Borrowing is at the core of the budget for 2009-10. The government’s debt manager, the Reserve Bank of India (RBI), has managed with finesse the humungous offering of the Centre’s and states’ IOUs — a third more than in 2008-09, which, in turn, was a staggering two-and-a-half times the money raised the year before.
The RBI is on track to raise Rs 2,65,911 crore by September, leaving a fourth of the government’s borrowing schedule, or Rs 98,000 crore, for the remaining six months of the fiscal year. The front-loaded calendar merits itself on two counts. One, it bundles heavy government borrowing into quarters when demand for corporate credit is low. Two, this feeds fiscal expansion without raising interest rates.
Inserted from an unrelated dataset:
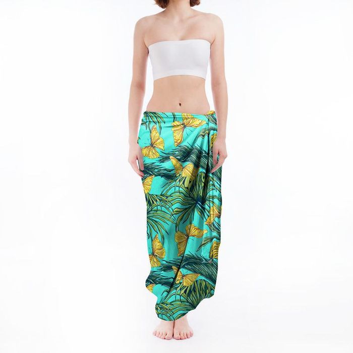 Der Sarong kann außerdem aus federleichtem Chiffon gefertigt werden. Dieser Stoff ist transparent und wird besonders in Lagen für einzigartige Farben und Muster sorgen. Aufgrund seiner feinen netzartigen Natur eignen sich Motive mit satten Farben und klaren Linien für die Gestaltung von Chiffon am besten. Das Material beeindruckt mit besonders sanftem Fall, der deine Kurven wunderbar akzentuieren wird.

On both counts, it appears, the easy bit is over. In its latest monetary policy review in July, the RBI signalled that its expansionary cycle had ended after nine months of aggressive cuts that halved short-term interest rates charged from banks. And now banks, which buy the lion’s share of government paper, are protesting they have breached the limit of gilts they can hold without taking exposure to losses from hardening interest rates. The appetite for lending to the government — which last quarter fetched Indian banks a stunning 62 per cent growth in net profits mainly through treasury operations — appears to be cooling off. The financial market, by and large, expects interest rates will begin to climb from next January although the spectre of drought may stay the RBI’s hand for a bit.
This highlights the conflict of interest inherent in the central bank’s most immediate concerns: arranging cheap funds for its principal client, pursuing a counter-cyclical monetary policy and regulating the banking industry.
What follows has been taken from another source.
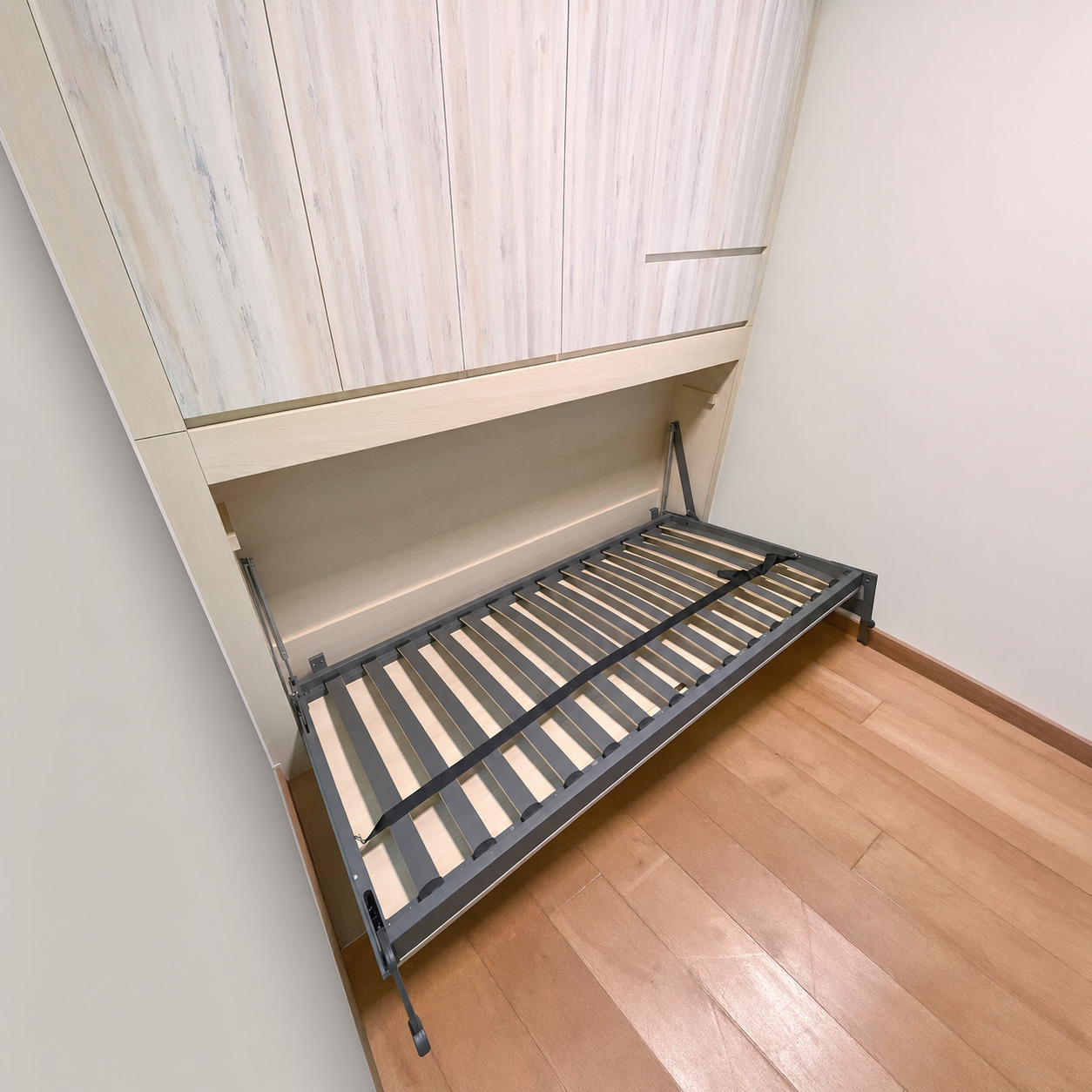 我们的公司的隐形床选用环保E1实木细芯夹板,承托力好,可承受600kg 的重量。而且饰面有易于清洁打理、耐高温耐腐蚀、防花耐磨等多个特点。变形床的外围的傢俬均可以度尺定制,例如搭配吊柜、衣柜、柜桶储物柜等、每个储物空间都可以自由规划,帮你整齐地整理家居杂物,用尽每一寸空间。

If the RBI wants banks to lend more money to the government, it faces pressure to raise the threshold of their risk-free gilt holdings or continue with an easy money policy. And if it wants to pop the incipient food-price bubble it needs to raise interest rates. The roles of debt manager, monetary policy formulator and banking regulator are clearly defined — and often contradictory. Debate on splitting the RBI’s job in three has dragged on despite evidence from the West that trifurcation is the way out. The current confluence of events could be a good time as any to get on with the process.